アカデミー賞授賞式での華やかなライブ・パフォーマンスは、毎回趣向を凝らした演出で出席者と視聴者を楽しませている。2020年の第92回アカデミー賞では、ゴージャスかつ力強い歌唱で鮮烈な印象を残した二人の女性シンガーがいた。一人はオープニングでダンサーを率いて「Come Alive」を溌剌と歌ったジャネール・モネイ。

そしてもう一人は、歌曲賞ノミネート曲「スタンド・アップ」を熱唱し圧倒的な存在感を見せたシンシア・エリヴォ。

その両者が出演しているのが、2020年3月27日(金)公開の映画『ハリエット』である。

伝記映画でありスーパーヒーロー映画的でもあるハリエット・タブマンの英雄譚

本作でエリヴォが演じたのは、奴隷制度撤廃のために戦った実在のアフリカ系アメリカ人運動家、ハリエット・タブマン。幼い頃から奴隷として農場で過酷な労働を強いられていたが、自由を求めてたった一人でフィラデルフィアへ逃亡。離れ離れになった家族や仲間たちを救うため、秘密組織“地下鉄道”の一員となり、逃亡奴隷の救出作戦に参加。そして南北戦争では黒人兵士を率いて戦ったという、彼女の激動の人生が描かれている。

『ハリエット』©Universal Pictures

そんなハリエット役を熱演したエリヴォは、アカデミー賞歌曲賞に加えて主演女優賞にもノミネートされた。ちなみにジャネール・モネイは、ハリエットを保護する下宿のオーナー、マリー・ブキャナン役を演じている。

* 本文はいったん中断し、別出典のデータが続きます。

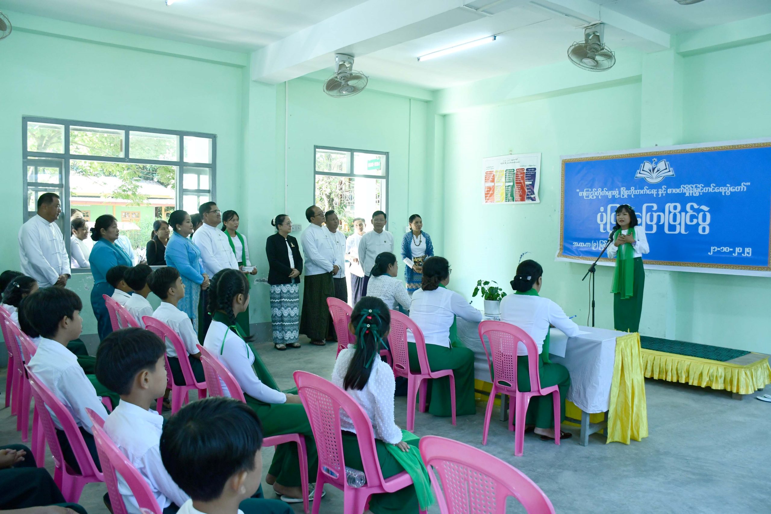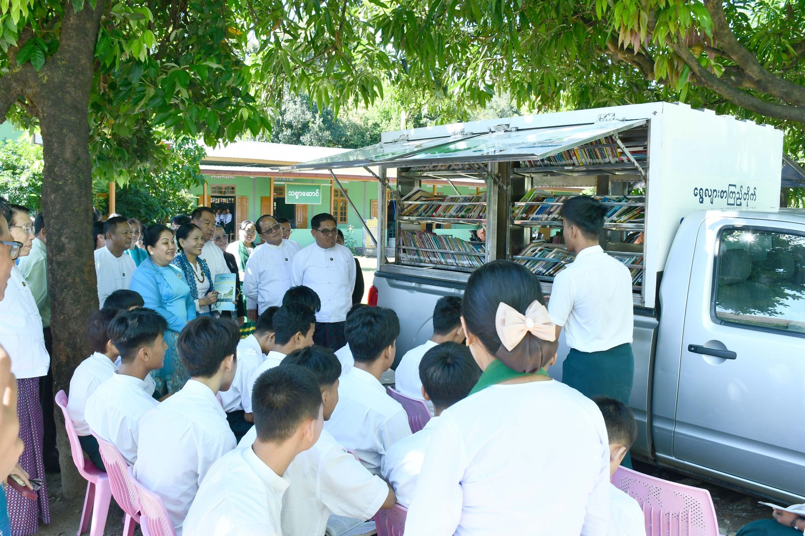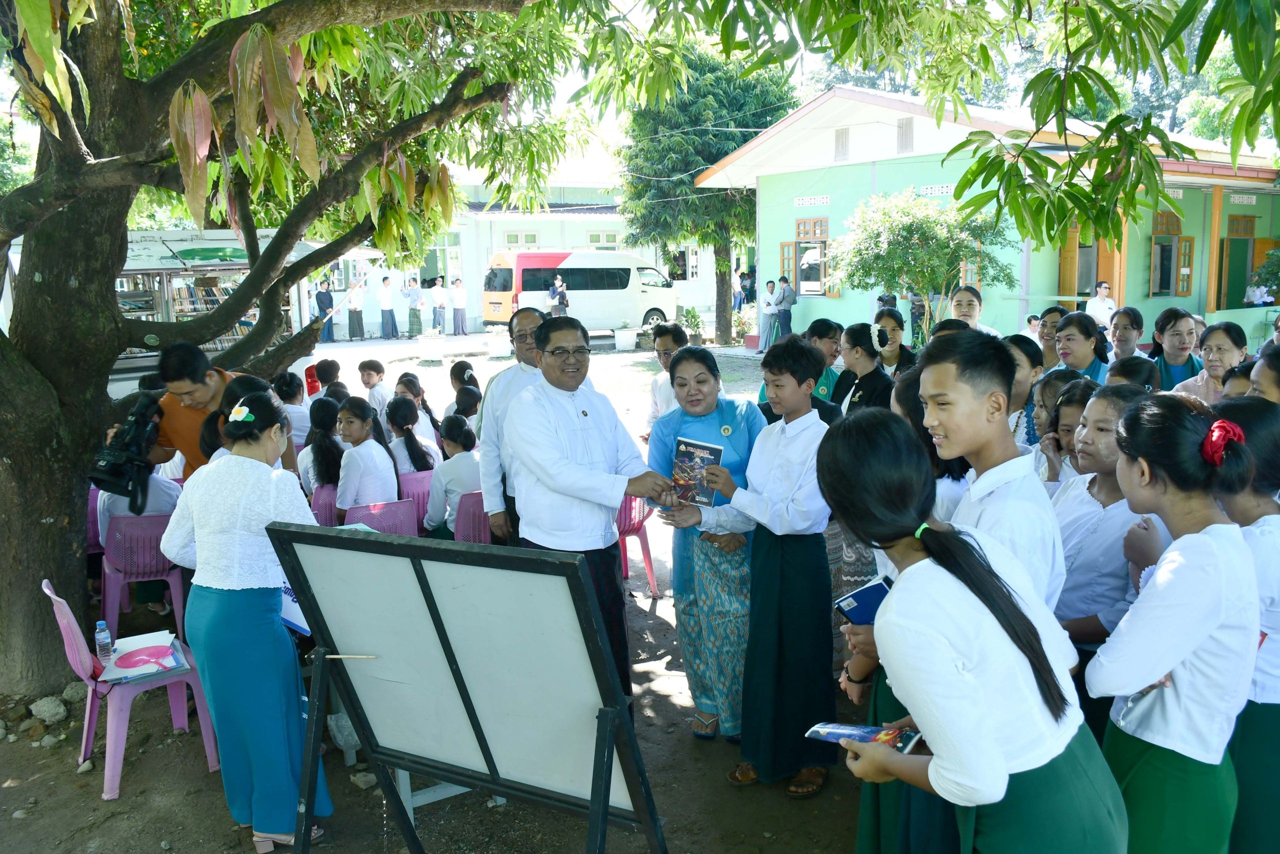 ထို့နောက် ပြည်နယ်ဝန်ကြီးချုပ်နှင့် ဇနီး၊ တာဝန်ရှိသူများအား ဘင်ခရာ၊ ပန်းပွားအဖွဲ့မှ ဦးဆောင်ကြိုဆို၍ ကျောင်းဝင်းအတွင်းနှင့် စာသင်ခန်းမများ၌ ကျောင်းသားလူငယ်များ စာပေကို ဖတ်ရှုလေ့လာပြီး ဉာဏ်ရည်ဉာဏ်သွေးများ ပိုမိုတိုးတက်ကောင်းမွန်စေရေး၊ ဗလငါးတန်ဖြင့် ပြည့်ဝသောလူငယ်များ ပေါ်ထွန်းလာစေရေး ရည်ရွယ်ကျင်းပပြုလုပ်ပေးလျက်ရှိသည့် ပြန်ကြားရေးနှင့်ပြည်သူ့ဆက်ဆံရေးဦးစီးဌာန၏ နယ်လှည့်စာကြည့်တိုက်မှ သုတ/ရသစာအုပ်စာစောင်များ ငှားရမ်းပေးခြင်းနှင့် ဖတ်ရှုလေ့လာနေမှုများအားလည်းကောင်း၊ စကားပုံဆက်ပြိုင်ပွဲ၊ ကျပန်းစကားပြောပြိုင်ပွဲ၊ ပုံပြင်ပြောပြိုင်ပွဲ၊ ကဗျာရွတ်ဆိုပြိုင်ပွဲ၊ ဆေးရောင်ခြယ်ပြိုင်များနှင့် မြှားပစ်၊ ခါးလှည့်၊ အရုပ်ဆက်စသည့် ဂိမ်းကစားနည်းများဖြင့် ထည့်သွင်းကျင်းပပေးနေမှုများကို လှည့်လည်ကြည့်ရှုအားပေးခဲ့ကြပြီး ပြိုင်ပွဲဝင် ကျောင်းသား၊ ကျောင်းသူများအတွက် ကျောင်းသုံးဗလာစာအုပ်များကို ဆုလက်ဆောင်အဖြစ် ပေးအပ်ချီးမြှင့်ခဲ့ကြသည်။
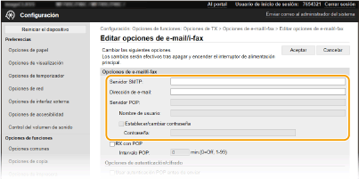 Utilice la IU remota para configurar las opciones detalladas de envío y recepción, como pueden ser las opciones para utilizar el equipo para enviar y recibir I-Faxes y las opciones para la autenticación POP y el cifrado de la comunicación antes de enviar e-mails o I-Faxes. Póngase en contacto con su proveedor o administrador de red para obtener la configuración necesaria.
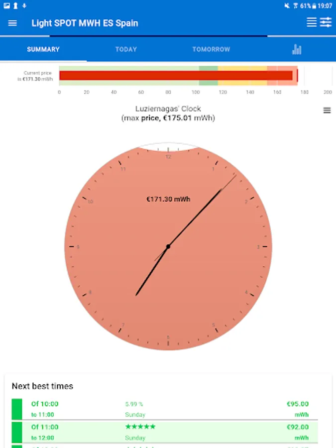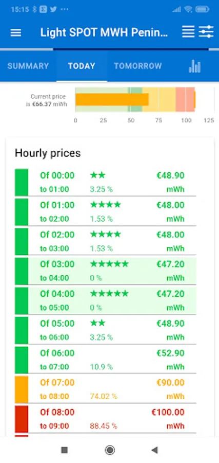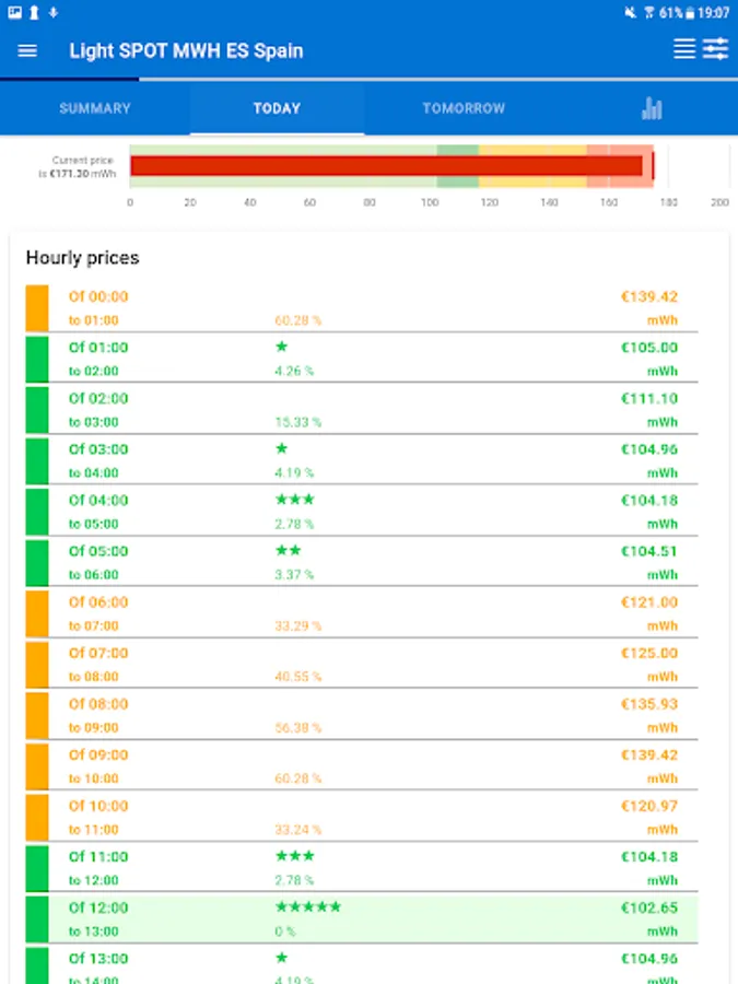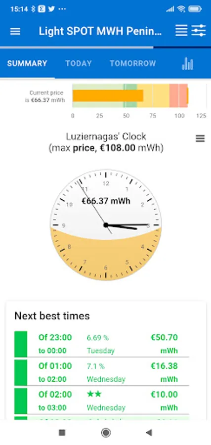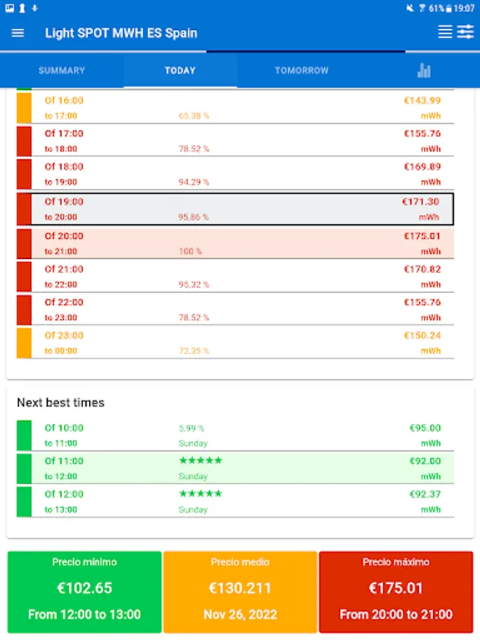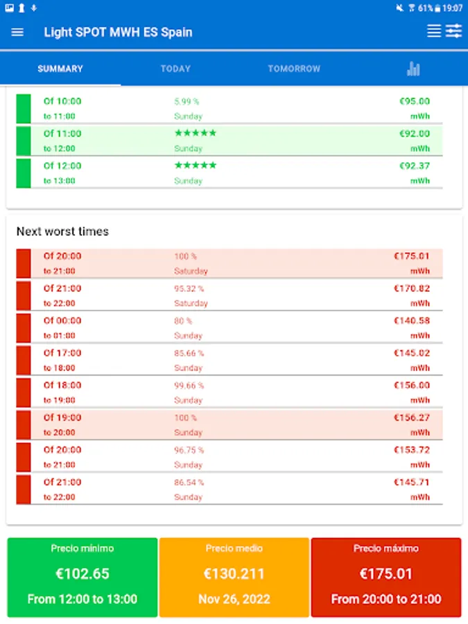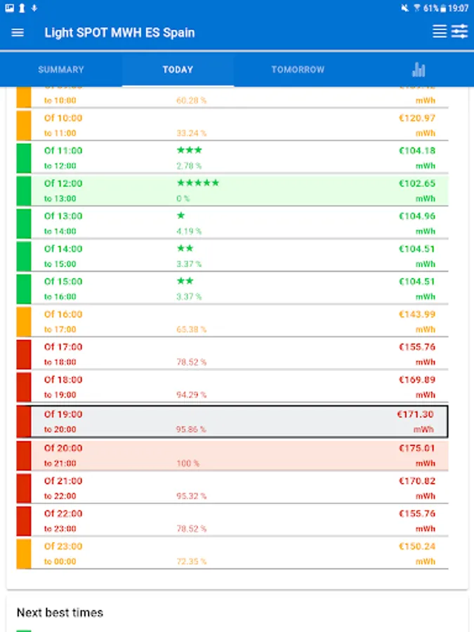 At a glance you will be able to locate the best price of the day, since the time will be highlighted with a green background and, in addition, with 5 green stars.
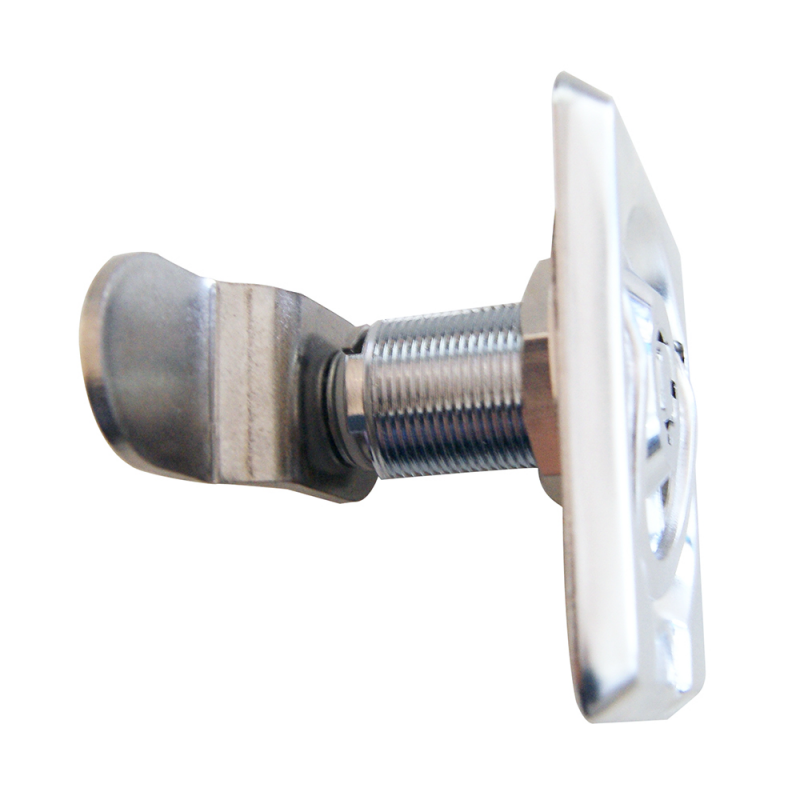 Serratura da incasso in acciaio inox, con maniglia a filo e cilindro.Dim. mm. 52x49.
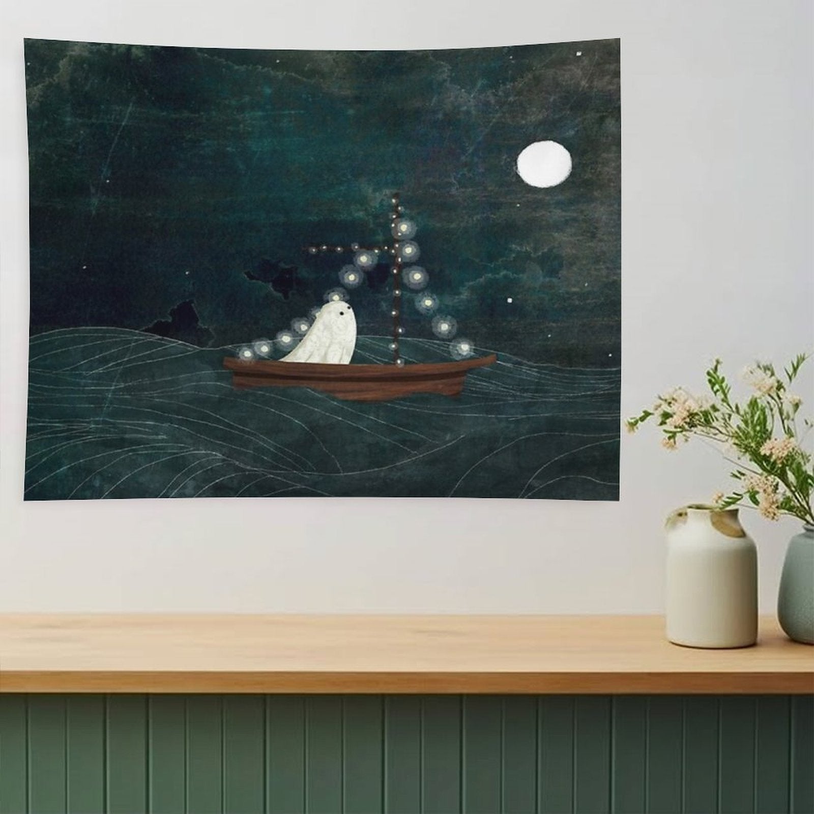 BionZax's Ghost Boat Ride Tapestry for Bedroom, College Dorm. Ghost Boat Ride Tapestry to decorate your bedroom, college dorm, living room, or kitchen wall, it is the best gift for funny, meme, aesthetic, trendy, simple, fashion, music, abstract, fantasy, modern tapestry for girls, men, boys, teen, women, kids.

本作はジャンル的に「伝記映画」ということになるのだが、奴隷から英雄へと這い上がっていくハリエットの勇猛果敢な活躍からは、ある種のスーパーヒーロー(ヒロイン)映画のような印象すら受けてしまう。「伝記映画なのにこういう見方をしてもいいのだろうか?」と思って筆者なりにいろいろ調べてみたところ、監督のケイシー・レモンズも、音楽を担当したテレンス・ブランチャードも、それぞれインタビューの中で“(Real) Superhero”というような表現を何度か用いていたので、的外れな見方というわけでもなさそうだった。

本作は何度も映画化されてきたジャンヌ・ダルクの伝記のように、「様々な方法で表現できる、史実に基づいた物語のひとつの解釈」というコンセプトで製作された作品と言えるだろう。

『ハリエット』©Universal Pictures

ジャズ界の鬼才による、人々を奮い立たせる雄大な音楽

このようにハリエットにヒロイックなイメージを与えているのが、ジャズ・トランペッター/作曲家のテレンス・ブランチャードによる、雄大でエモーショナルなオーケストラ音楽である。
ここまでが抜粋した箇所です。